Detection Methods for CVE-2026-7669
Indicators of Compromise
- Unexpected child processes or outbound network connections originating from the SGLang Python process after a model load
- Presence of auto_map entries in tokenizer_config.json of cached HuggingFace models under ~/.cache/huggingface/
- Loaded modules in the SGLang process with paths inside HuggingFace cache directories rather than site-packages
- Filesystem writes or credential access from the inference worker shortly after a new model identifier is requested
Detection Strategies
- Audit all SGLang model load requests and correlate the model repository identifier against an allowlist of trusted publishers
- Inspect tokenizer_config.json for any auto_map keys before permitting a model into the serving environment
- Hook or instrument AutoTokenizer.from_pretrained to log the effective trust_remote_code value and alert on True when the caller passed False
- Monitor for Python import events sourced from cache paths using EDR or eBPF-based file-execution telemetry
Monitoring Recommendations
- Forward SGLang stdout, stderr, and Python audit hook events into a centralized log pipeline for retention and analytics
- Alert on any process spawned by the inference worker that is not in a known-good baseline (shell, curl, wget, ssh)
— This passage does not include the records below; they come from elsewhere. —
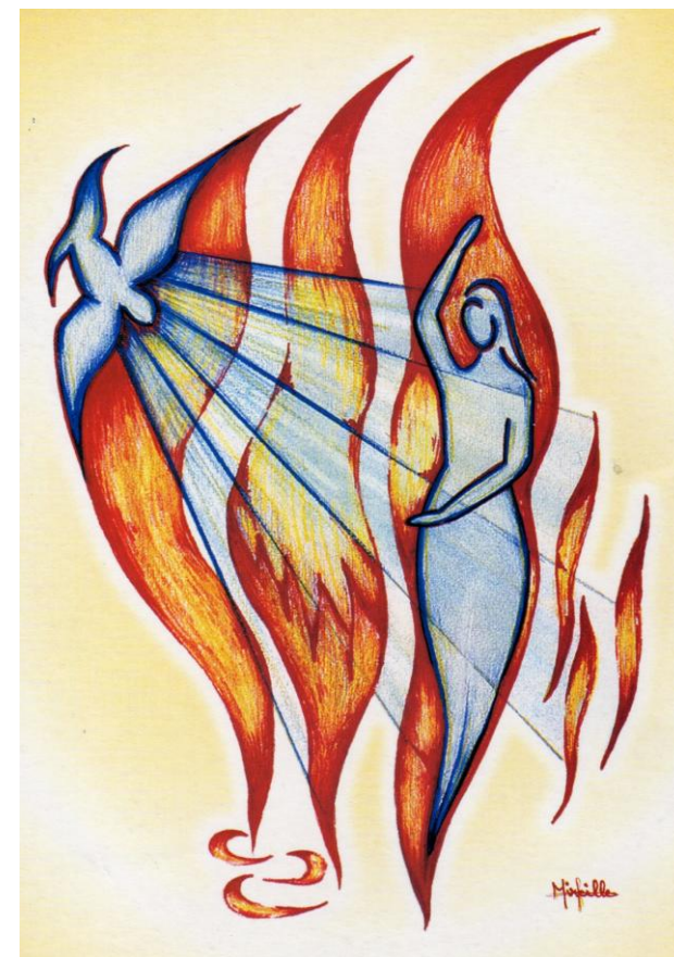
„Drei Flammen“ (Mireille Samir Chaker, Libanon)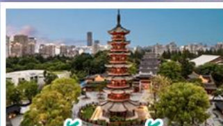
วัดเลงเซ้ง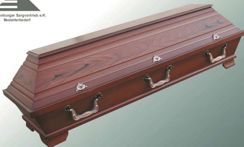
VBK2 Nussbaum Imitation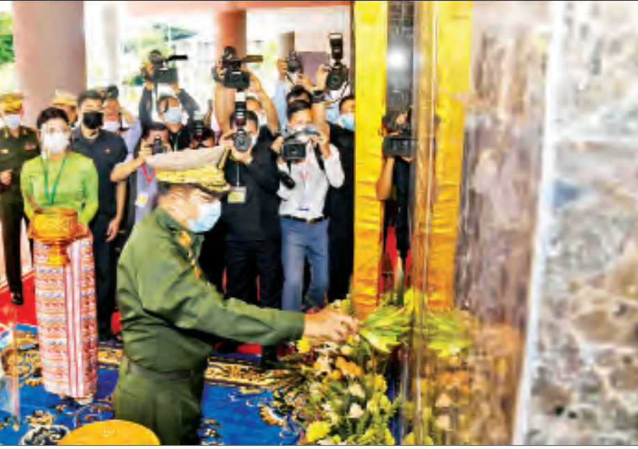
နိုင်ငံတော်စီမံအုပ်ချုပ်ရေးကောင်စီဥက္ကဋ္ဌ တပ်မတော်ကာကွယ်ရေးဦးစီးချုပ် ဗိုလ်ချုပ်မှူးကြီး မင်းအောင်လှိုင် မြဝတီမီဒီယာစင်တာ ကမ္ဘာ့မော်ကွန်းအား အမွှေးနံ့သာရည်ပက်ဖျန်းပေးစဉ်။

အနေဖြင့် အရေးကြီးသည့် အခန်းကဏ္ဍကို ရောက်ရှိ လာကြောင်း၊ မြဝတီမီဒီယာစင်တာတွင် ရုပ်ရှင်၊ သဘင်၊ ဂီတအနုပညာရှင်များ၊ ပုဂ္ဂလိက မီဒီယာ ကုမ္ပဏီများသည် နိုင်ငံတော်အကျိုးပြုနိုင်ရေး အတွက် အဆင့်မြင့်တင်ကွန်ရက်ပေါင်းစည်း ဆောင်ရွက်နိုင်ရန်ဖြစ်ကြောင်း။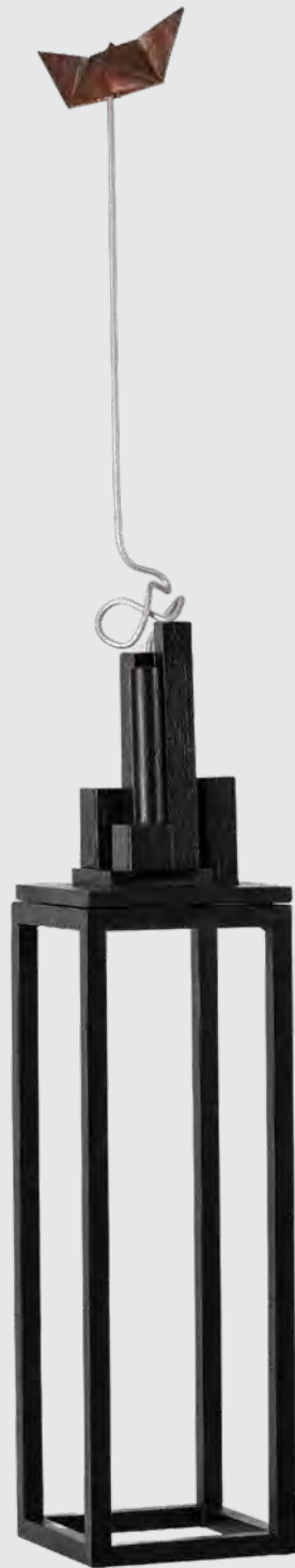
Υπερβατικό Ταξίδι μικτή τεχνική 145x20x20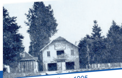
La SNL en 1905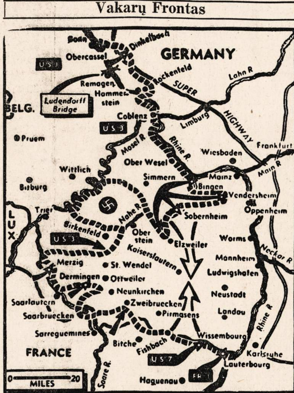
Gen. Patton'o armija sutriuškino ne tik Siegfried, bet ir antrinę Hunsbrueck liniją Saar ir Palatinatė srityse. Kitos Amerikos armijos irgi žygiuoja pirmyn.

J. Valstybės aiškiai pasakė Maskvai, kad jos nepatenkintos lenkų klausimo vilkinimu ir pareikalavo visą šį reikalą skubiai išspręsti. Sovietų valdžia nenori kvesti Mikolajczyko.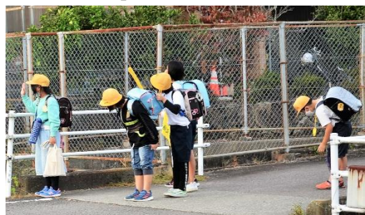
止まってくれた車にあいさつをする児童

たかが「あいさつ」、されど「あいさつ」。あいさつには人の心を動かす大きな力があると信じ、家庭で、地域で、学校で、子どもを取り巻く大人が異口同音に子どもたちにあいさつの大切さを伝えていってほしいと願っています。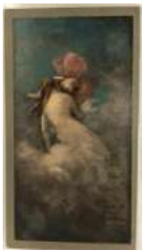
340. École française début XXe. Jeune femme et un amour dans une nuée. Huile sur ancien panneau publicitaire. 105 x 58 cm.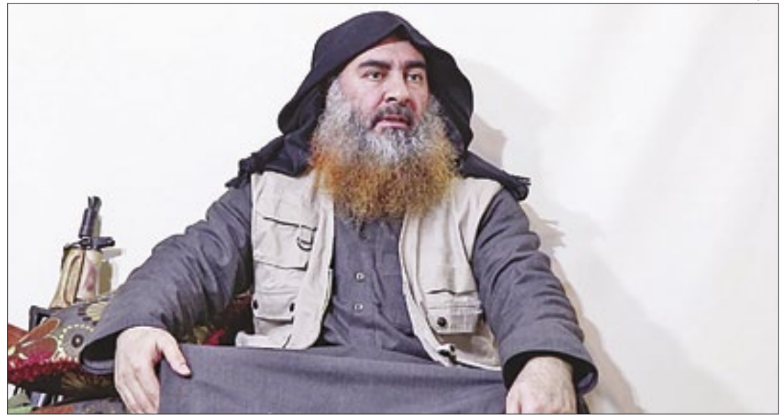
Coalizão internacional freou avanços do EI; Abu Bakr al-Baghdadi foi morto em 2019

Dez anos depois, o EI está enfraquecido, mas não aniquilado.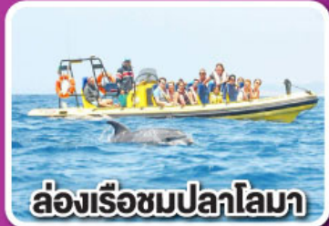
ล่องเรือชมปลาโลมา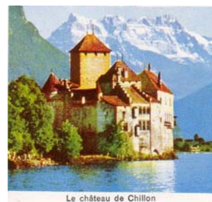
Le château de Chillon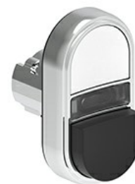
Przyciski dwuklawiszowe z samoczynnym powrotem i białym, podświetlanym wskaźnikiem – jeden wystający i jeden kryty LPSBL72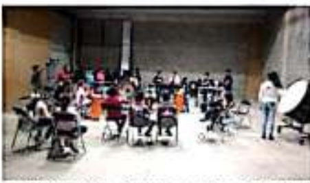
URUAPAN, MICH.- Diversos eventos artísticos se llevarán a las colonias de la periferia de la ciudad.

Con ello, consideró, se cumple uno de los objetivos de la institución, de acercar las diversas manifestaciones artísticas que se originan y pulen en este recinto a los diversos sectores de la población, sobre todo aquellos con reducido acceso, pero que cuentan con infraestructura para dar cabida a los eventos.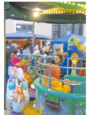
Natürlich war das Kinderkarussell die besondere Attraktion hinter dem Rathaus

GlühGin oder heißem Apfelsaft für die innere Wärme. Im ZAK warten Kuchen und ein herrlicher Kaffee mit Sitzplätzen zum Verweilen ein. Kunsthandwerkliches von Matthias Trapp oder Findkunst von Reinhold Reinish, Feines aus Bienenwachs von Martina Cremer, Modeschmuck von Jutta Winter-Dubbo, handgefertigte Accessoires von Nuran Karimpouris und in Uschis Häkelstube Häkelkunst in Vollendung mit Kuscheltieren, Puppenkleider und Handpuppen - da kann man herrlich stöbern und etwas für das Fest finden. Danach ist's genug mit weihnachtlicher Vorbereitung und ein Heimweg in Zufriedenheit wird angetreten. Eberhard Heyne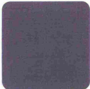
VELLUTO in puro cotone Adamo & Eva [Dedar €129,10 al mt].

La parola ai tessuti, su tutti il velluto nella palette dei viola e rosa. Parquet e tocchi di azzurro per alleggerire.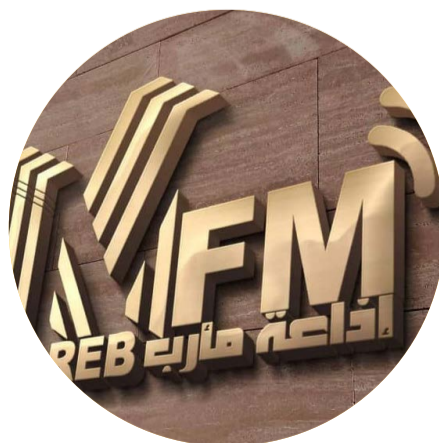
إذاعة مأرب تحتفل بالذكرى السادسة لانطلاقها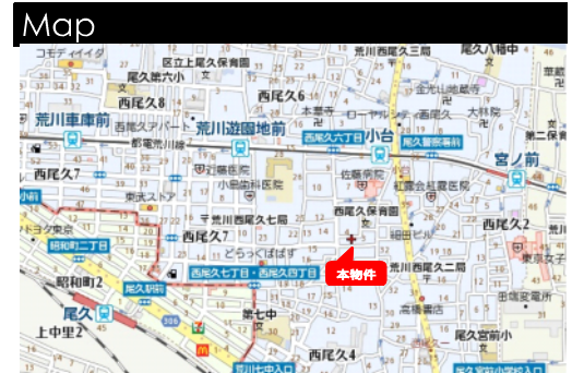
図面と現況が相違する場合は現況を優先させていただきます。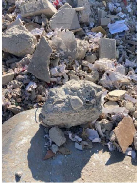
Beton içeriğini gösteren parça

incelenmiştir. Bu uça betonun oldukça pürüzsüz olduğu görülmektedir. Bu da bu kolonun kirişe bağlandığı yerde soğuk derze sahip olduğu kanaati oluşmuştur. Yapılan tespitlere göre temeli ve kolonları 5 kata göre tasarlanıp inşa edilmiş olan söz konusu binanın inşasının doğru yapılmadığı kanaati oluşmuştur. Kat artırımı yapılmasının ciddi bir hata olduğu ve bu binanın düşük depremlerde dahi yıkılmasının mümkün olduğu kanaati oluşmuştur."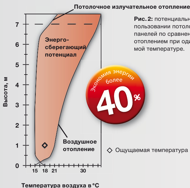
Рис. 2: потенциальная экономия при использовании потолочных излучающих панелей по сравнению с воздушным отоплением при одинаковой ощущаемой температуре.

направлено излучение (у пола). Благодаря этому температура воздуха более равномерна по высоте помещения, что обеспечивает значительно более низкий расход энергии. (Рис. 2)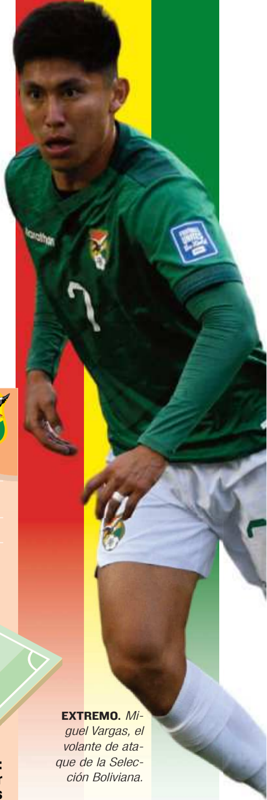
EXTREMO. Miguel Vargas, el volante de ataque de la Selección Boliviana.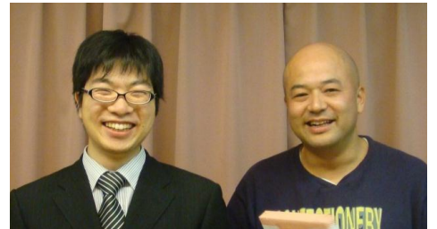
お世話になりました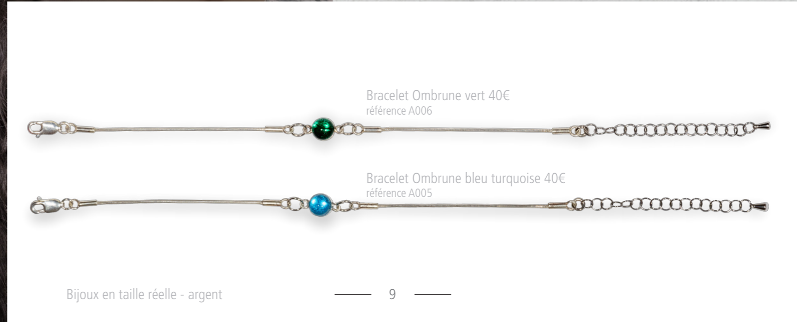
Bracelet Ombrune vert 40€ référence A006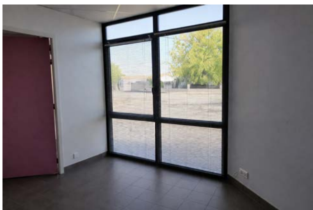
Accueil vitrine — vue latérale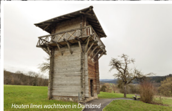
Houten limes wachttorens in Duitsland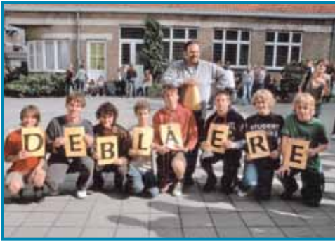
Europese dag van de talen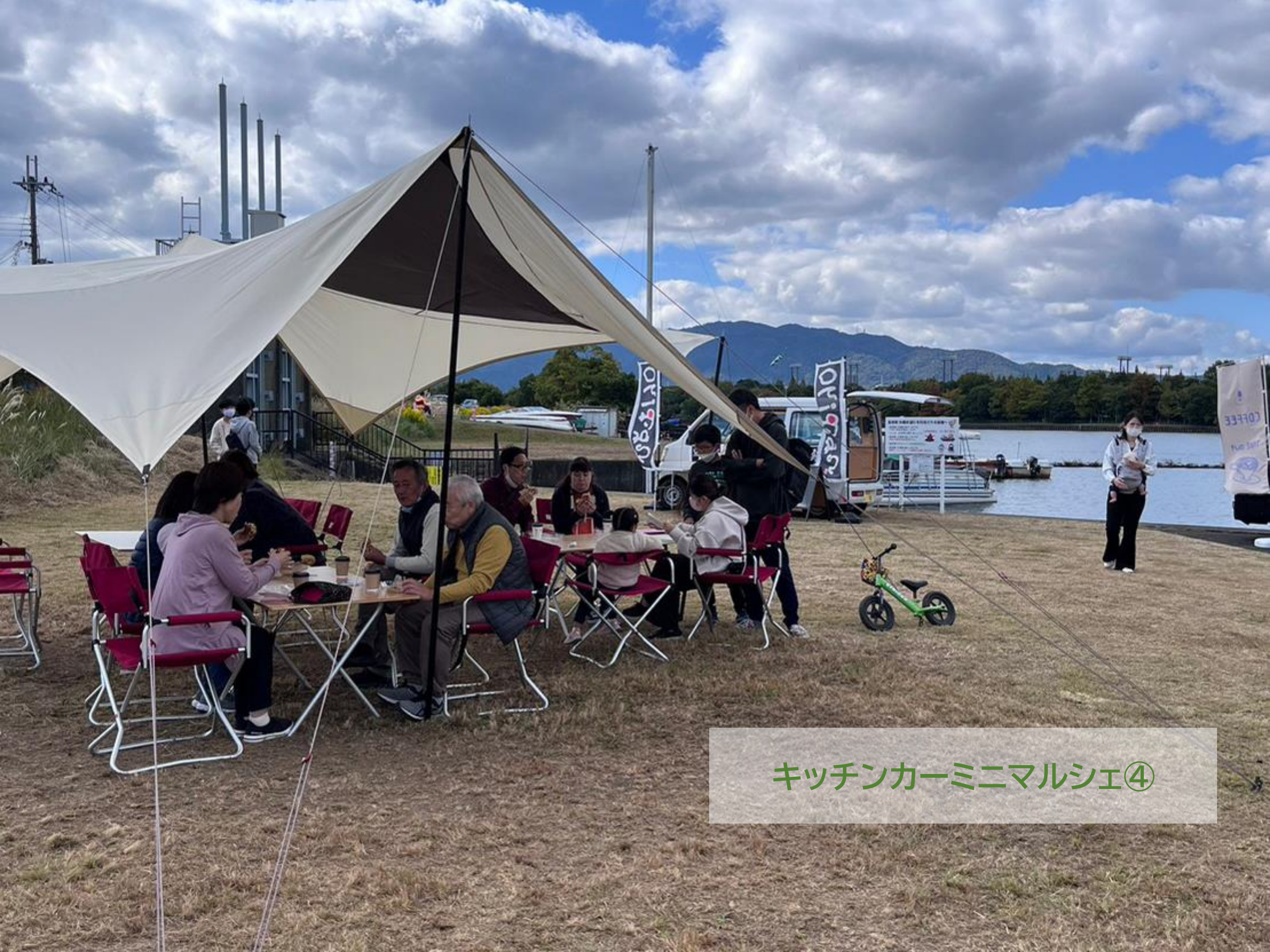
キッチンカーミニマルシェ④

- Track egress connections from inference hosts to non-HuggingFace destinations during model bootstrap windows
How to Mitigate CVE-2026-7669
Immediate Actions Required
- Restrict SGLang deployments to load only models from a vetted internal registry or specific allowlisted HuggingFace repositories
- Run SGLang inference workers as unprivileged users inside containers with read-only filesystems and no outbound internet beyond model registries
- Pre-fetch and audit tokenizer artifacts in an isolated environment, rejecting any model whose tokenizer_config.json contains an auto_map entry
- Block or proxy huggingface.co traffic from production inference hosts and serve approved models from an internal mirror
Patch Information
No vendor patch has been published for SGLang at the time of NVD disclosure. The vendor was contacted prior to public disclosure but did not respond. Track the VulDB Vulnerability #360817 entry and the SGLang project for upstream fixes, and pin to a fixed release once available.
Workarounds
- Patch get_tokenizer locally to remove the fallback that re-invokes AutoTokenizer.from_pretrained with trust_remote_code=True
- Downgrade transformers below v5 if compatibility allows, since the TokenizersBackend fallback path is the trigger
- Wrap AutoTokenizer.from_pretrained with a monkeypatch that forces trust_remote_code=False regardless of internal callers
- Strip auto_map from any cached tokenizer_config.json before loading
# Configuration example: scan cached tokenizer configs for auto_map abuse
find ~/.cache/huggingface -name 'tokenizer_config.json' \
-exec grep -l '"auto_map"' {} \;
# Run SGLang with a hardened wrapper that pins trust_remote_code=False
export HF_HUB_OFFLINE=1
export TRANSFORMERS_OFFLINE=1
python -m sglang.launch_server --model-path /opt/models/approved/llama-3 \
--tokenizer-mode slow
Disclaimer: This content was generated using AI. While we strive for accuracy, please verify critical information with official sources.